The cosine function is a trigonometric function that is periodic. A periodic function is a function that repeats itself over and over in both directions. The period of the cosine function is 2π, therefore, the value of the function is equivalent every 2π units. For example, we know that we have cos(π) = 1.

Every time we add 2π to the *x* values of the function, we have cos(π+2π). This is equivalent to cos(3π). We have the result cos(π)=1 and since the function is periodic, we also have the result cos(3π) = 1.

## Period of the basic cosine function

The cosine function in its most basic form is $latex y=\cos(x)$. This function can be evaluated for any real value, so we can use all real values of *x*. This means that the function extends indefinitely to the right and to the left.

Using a graph of the cosine function, we can determine its period by looking at the distance between “equivalent” points. That is, the period of the function $latex y = \cos(x)$ is the distance on the *x*-axis between repeating patterns.

We can easily see that the graph repeats after 2π. Therefore, we conclude that the period of the function is 2π. The reason we have this period is that in the unit circle, 2π equals one complete revolution around the circle.

This means that if we have a value greater than 2π, we would simply be repeating the loop around the unit circle and we would obtain values equivalent to the angles between 0 and 2π.

## Period of other variations of the cosine function

The period of the cosine function in its basic form, $latex y = \cos(x)$, is 2π. This period can be modified by multiplying the variable *x* by a constant.

We can reduce the period of the function by multiplying *x* by a number greater than 1. This will cause the function to be “sped up” and the period to get smaller. This means that the function will occur more quickly and it will take less for it to start repeating itself.

For example, in the function $latex y = \cos (2x)$, the period is π, which is half the period of the original function.

When we multiply the variable *x* by a fractional number that is greater than 0 and less than 1, we will make the function reduce its “speed” and make it have a larger period. This means that the function will take longer to start repeating itself.
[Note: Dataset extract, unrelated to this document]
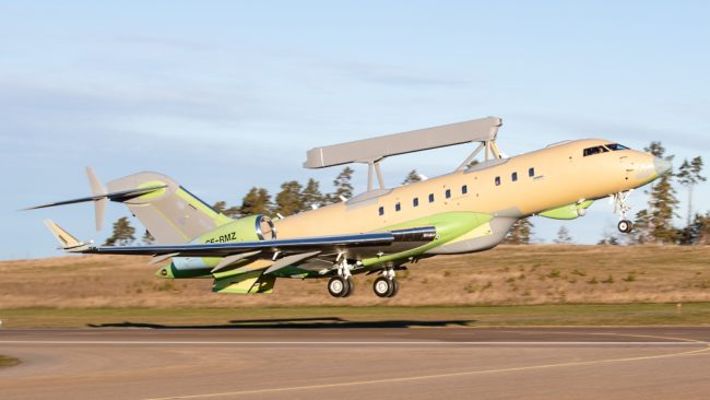 El sistema GlobalEye, implementado en plataformas Bombardier Global 6000-BD-700-1A10 modificadas con un conjunto de sensores avanzados, en el cual predomina el radar dorsal de apertura sintética Erieye ER, realizó un vuelo de prueba de 2:52 hs. de duración, recolectando datos de prueba.

For example, in the function $latex y = \cos(\frac{x}{2})$, the period is 4π, which is twice the period of the original function.

## How to determine the period of a cosine function?

We can determine the period of a cosine function by using the coefficient of the variable *x*. This coefficient is usually represented by the letter *B*. Therefore, the standard form of the cosine function is $latex y = \sin(Bx)$. Using this form, we can obtain the following formula:

$latex \text{Period}=\frac{2\pi}{|B|}$ |

This means that to obtain the period, we simply have to divide 2π by |B|, where, |B| is the absolute value of *B.* To find the absolute value, we just have to take the positive version of the number. For example, if we have -2, its absolute value is 2.

We can use this formula even when we have other variations of the cosine function. For example, if we have the function $latex y = 2 \cos(2x+5)$, we only take the coefficient of the variable *x*:

$latex \text{Period}=\frac{2\pi}{|B|}$

$latex \text{Period}=\frac{2\pi}{2}$

$latex \text{Period}=\pi$

## Period of the cosine function – Examples with answers

The following examples are solved using the formula for the period of cosine functions. Each example has its respective solution, but it is recommended that you try to solve the problems yourself before looking at the solution.

**EXAMPLE 1**

- If we have the function $latex y = \cos(3x)$, what is its period?

**Solution:** We can identify the value $latex |B|=5$. Using this value in the formula for the period, we have:

$latex \text{Period}=\frac{2\pi}{|B|}$

$latex \text{Period}=\frac{2\pi}{5}$

The period of the function is $latex \frac{2}{5}\pi$.

**EXAMPLE 2**

- What is the period of the cosine function $latex y=2 \cos(4x)-3$?

**Solution:** The function has a more complex form than the previous one, but we only need the coefficient of *x*. Therefore, we recognize the value $latex |B|=4$ and use it in the period formula:

$latex \text{Period}=\frac{2\pi}{|B|}$

$latex \text{Period}=\frac{2\pi}{4}$

$latex \text{Period}=\frac{\pi}{2}$

The period of this function is $latex \frac{\pi}{2}$.

**EXAMPLE 3**

- What is the period of the function $latex y = \frac{1}{3}(- \frac{1}{5} x-2)$?

**Solution:** Again, we just use the coefficient of *x* to find the period. In this case, the coefficient is negative, so we only take its positive value. Therefore, we use the value $latex |B| = \frac{1}{5}$ in the period formula:

$latex \text{Period}=\frac{2\pi}{|B|}$

$latex \text{Period}=\frac{2\pi}{\frac{1}{5}}$

$latex \text{Period}=10\pi$

The period of the function is $latex 10\pi$.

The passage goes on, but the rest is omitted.